5 Simrishamn - Kivik
Degree of difficulty
From the medieval town of Simrishamn, this stretch of trail includes sandy beaches, stony coastal meadows, woodland covered cliffs, and Stenshuvud National Park. Near Kivik, you can visit one of the largest Bronze Age stone burial mounds in northern Europe.
From Simrishamn, you head north along the east coast of southern Skåne. At Tjörnedala, you walk through a recreation area with deciduous woodland and grazed pastures, where orchids, pasque flowers and cowslips grow. According to Carl Linnaeus, this was one of the most beautiful woodlands in the country. Just to the north you find a sandstone formation resembling a large stone flower with petals one half metre thick. It is referred to as The Priest’s Bath, as rumour had it the local priest used to bathe here. There are around 100 of these formations in Skåne, and this one is the largest. There geological origin has not been established.
At Vik, the trail turns inland and passes by hills and fields, with a beach below, only accessible when the sea level is low. After following the shore at Knäbäckshusen, you start to climb up into Stenshuvud National Park. The surrounding landscape is relatively flat, so the hill – 97 metres high – is visible from far away, and is all that’s left of what was once a much larger mountain range.

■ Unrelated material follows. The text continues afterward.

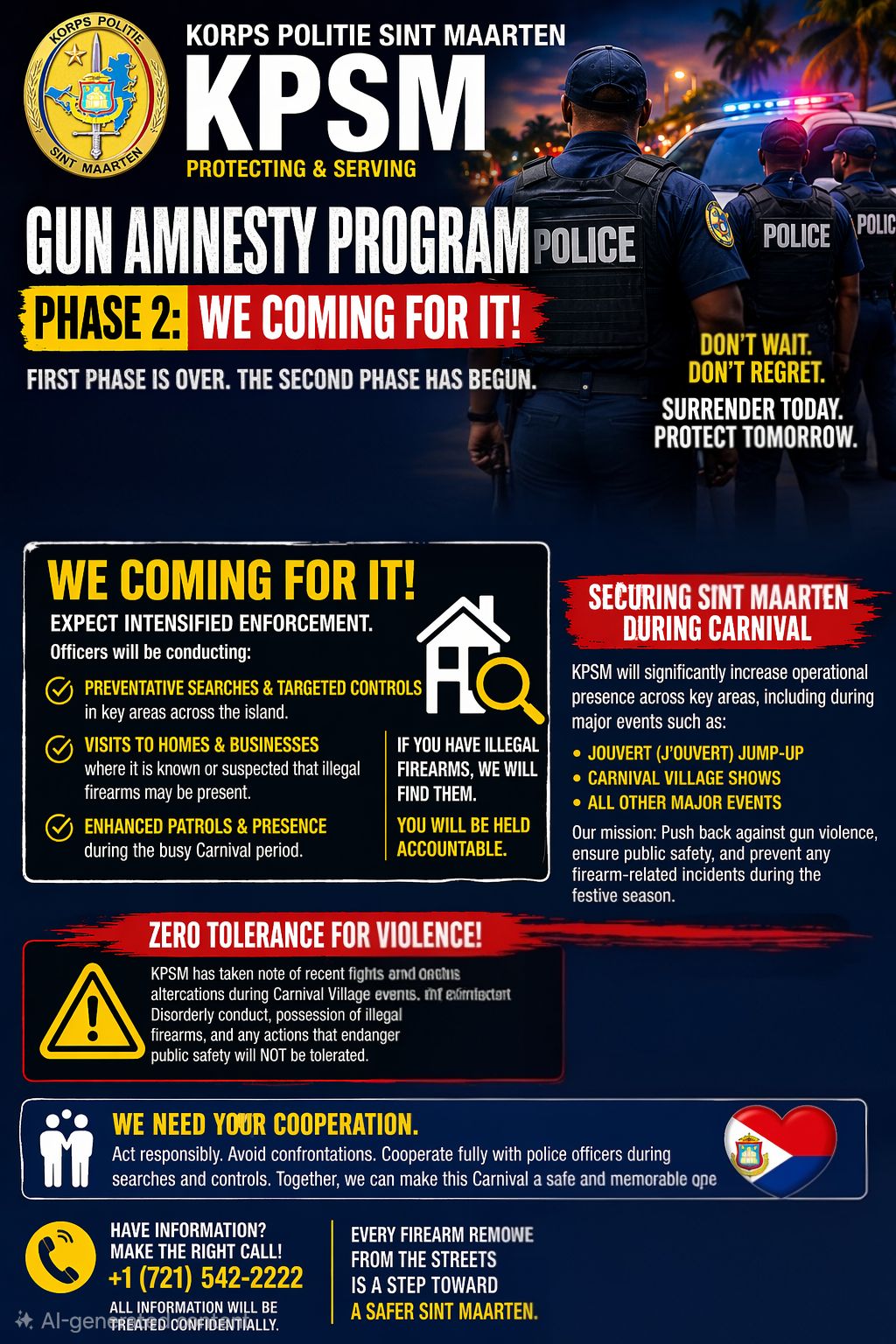 As the island prepares for the heightened activities surrounding the Carnival period, KPSM will also significantly increase its operational presence across key areas. Enhanced patrols and controls will be conducted during major events such as the Jouvert (J’ouvert) Jump-Up and scheduled shows in the Carnival Village, with the aim of preventing any firearm-related incidents and maintaining public safety.
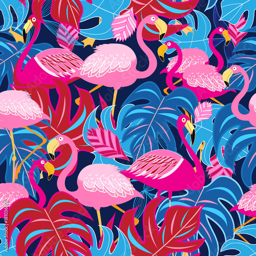 Obraz premium Beautiful bright tropical pattern of pink flamingos

Hiking this part of the trail is a good cardio workout, but as you climb, you can enjoy the wide diversity of environments here, everything from dry heaths, to wet alder bogs and orchid meadows. Unusual birds, insects and frogs live here, and to the north, you come to the Esperöd arboretum, with exotic tree species. As you approach Kivik, you follow a road lined with small pastures and an abandoned quarry where small, rare animals flourish.
Your starting point is the town of Simrishamn, with its origins in the 1100s. Sankt Nikolai Church in the town centre, with its limestone baptismal font, is from the same period. But human presence goes back much further in time, and there are many Bronze Age (and possibly older) petroglyphs in the surrounding area – figures of ships, sun wheels, axes, and animals chiselled painstakingly into the stone. You can also find elf mills, more commonly known in the world of archaeology as cupules, or bowl depressions.
The coastline along this section of trail is dotted with fishing villages including Baskemölla and Vik. These are typical of Skåne, where people were dependent on fishing and farming to survive.
In between these two villages, you pass through the rural landscape around Tjörnedalagården, shaped by hay cutting and grazing. On the hill to the southeast of the farm is a cholera graveyard from 1855.
About one hundred years ago, the whole coastal area was grazed bare. The woodlands were re-established during the 1900s. Here and there, some trees have had enough time and space to achieve great spreading crowns. The ancient rural landscape on Stenshuvud is still widely grazed. When you walk up towards the top you pass a 210m long wall, the remains of an old hill fort, originating from the time of the Great Migration – 400-550 CE.
Close to Kivik you can visit an unusually grand burial mound, c. 1400 BCE, called Kungagraven, or The Kings’ Grave. This monumental burial mound has been plundered, both for its contents and for its stones, but it originally held two cists with petroglyphs on some of the stone slabs. Bone fragments found in the cist have been dated to the Bronze Age, but the remains of a Stone Age settlement have been found beneath the burial cairn. Kivik, once a poor fishing village, is today renowned for the abundance of apples and apple cider produced here.